Начало, или Прекрасная пани Зайденман - [24]
— Холодина тогда была страшная, — сказал Мюллер, — а я возле той печки задыхался, пока разглядывали документы.
— Вытащи пани Зайденман, — произнес Филипек.
Мюллер некоторое время молчал, наконец спросил:
— Ты знаешь точно, где она находится?
— Понятия не имею. В аллее Шуха. Сам должен найти.
— Я же не знаю этой бабы! — проворчал Мюллер. — Не знаю я ее!
— Мария Магдалена Гостомская, вдова офицера.

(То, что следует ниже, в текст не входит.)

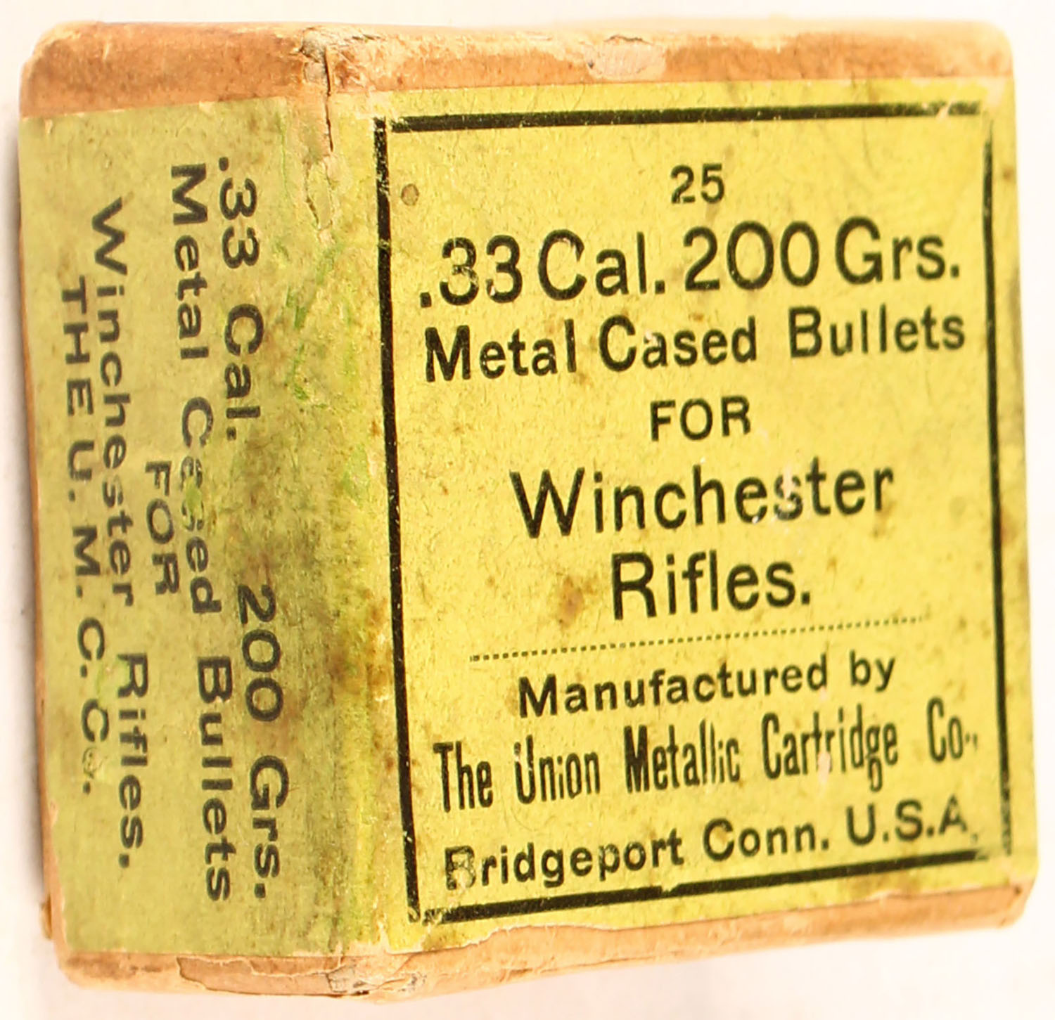 UMC, .33 Cal. 200 Grs. Metal Cased Bullets for Winchester Rifles, Full, 2pc. Buff box with green wraparound label, box is solid with excellent color, minor age soiling, minor edge & corner wear, label is intact, bullets are excellent. Grade: Excellent - Value: 20 to 60

— Но хоть какие-нибудь подробности, Казик. Там ведь тоже не полные идиоты!
— Конечно, не полные, — поспешно согласился Филипек.
Во времена, о которых идет речь, Виктору Суховяку было тридцать три года, и он постепенно скатывался по наклонной. Долгая жизнь, которая была ему суждена, не могла не оказаться неудавшейся, так как в молодости Суховяк избрал для себя карьеру профессионального бандита, что в эпоху великого тоталитаризма, сопутствовавшего ему до преклонного возраста, не могло не оказаться жалким анахронизмом. Тоталитарные режимы сами прибегают к бандитизму, опираясь при этом на величие закона, причем — к изумлению профессионалов-одиночек — этот произвол, едва ли не как правило, совершается при полном отсутствии альтернативы, а ведь, что ни говори, именно альтернатива была некогда философским фундаментом бандитизма. Виктор Суховяк всегда работал в соответствии с принципом «кошелек или жизнь», что предоставляло его контрагентам возможность выбора. Тоталитаризм вершил грабеж, отнимая честь, свободу, имущество и даже жизнь, не предоставляя никакого выбора ни жертвам, ни даже самим бандитам.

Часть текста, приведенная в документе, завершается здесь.